-- Extracted data follows --

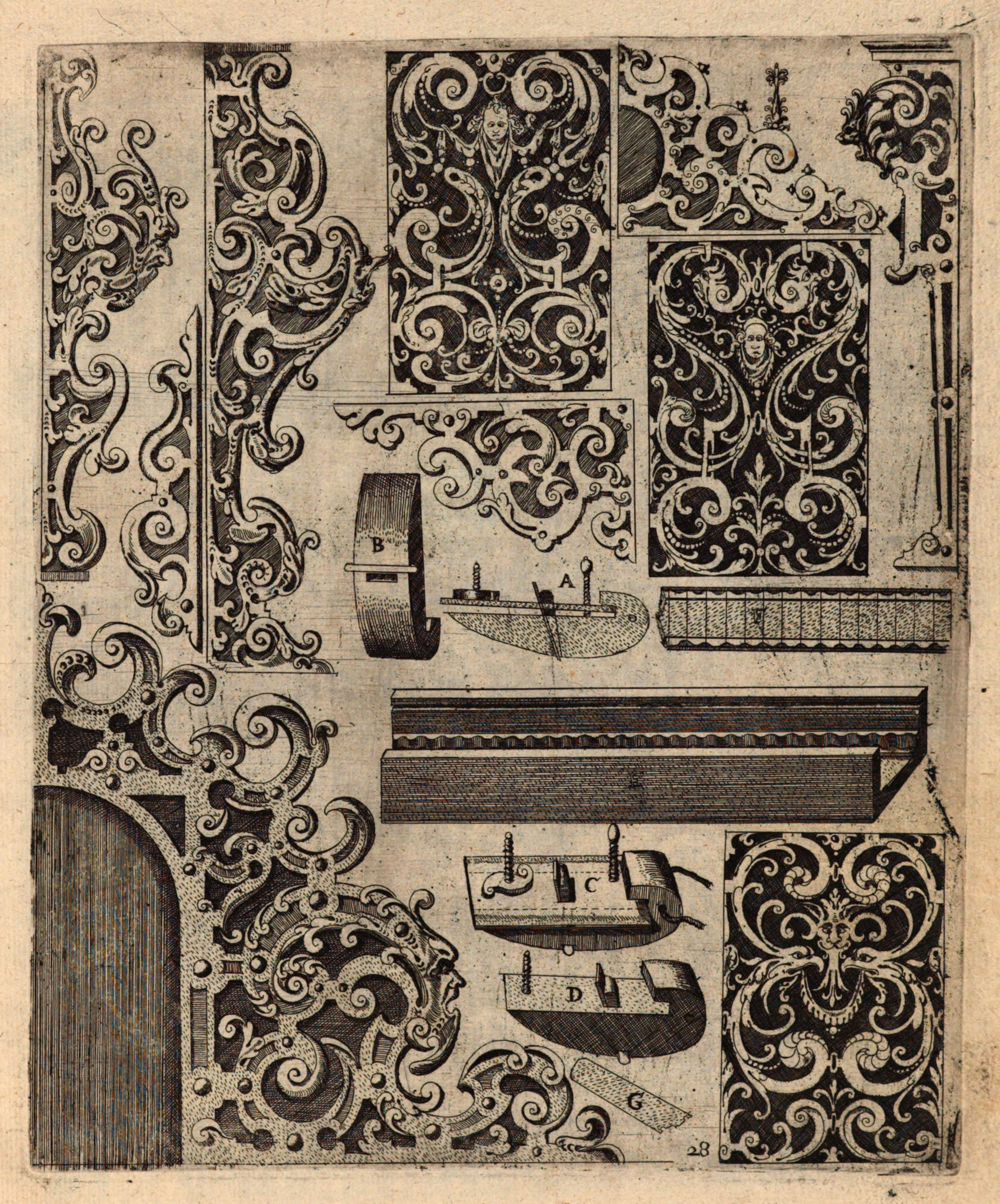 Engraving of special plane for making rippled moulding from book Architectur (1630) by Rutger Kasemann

-- Extracted data concluded --
-- Extracted data follows --

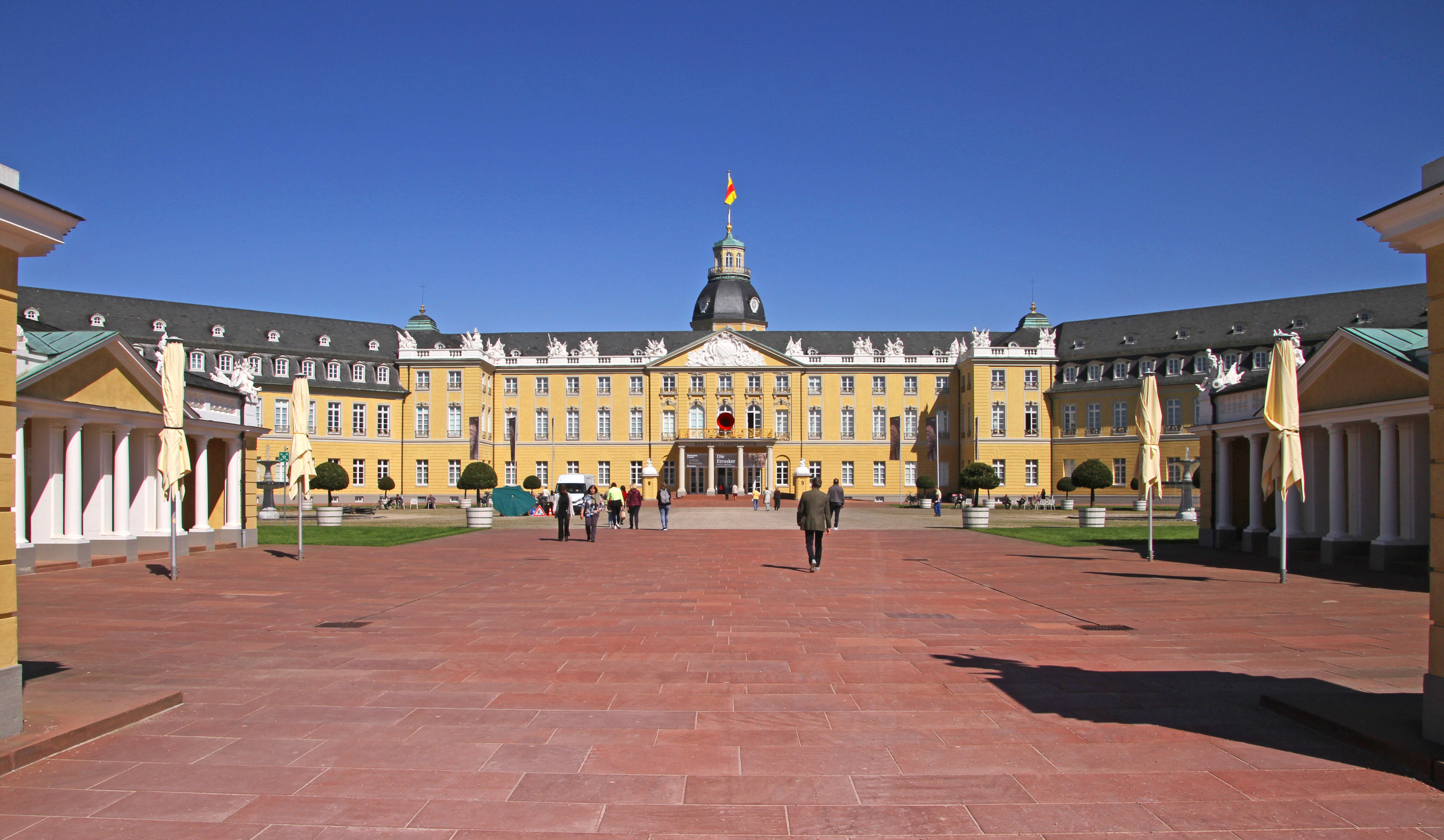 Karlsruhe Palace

-- Extracted data concluded --
-- Extracted data follows --

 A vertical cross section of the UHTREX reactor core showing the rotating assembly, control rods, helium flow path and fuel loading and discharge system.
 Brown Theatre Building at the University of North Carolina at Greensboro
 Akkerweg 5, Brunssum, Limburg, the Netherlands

-- Extracted data concluded --

Give again exactly, and only, the lines above starting at the one with "Brown Theatre Building" and ending at the one with "Akkerweg 5, Brunssum, Limburg, the".

* Completed task
 Brown Theatre Building at the University of North Carolina at Greensboro
 Akkerweg 5, Brunssum, Limburg, the Netherlands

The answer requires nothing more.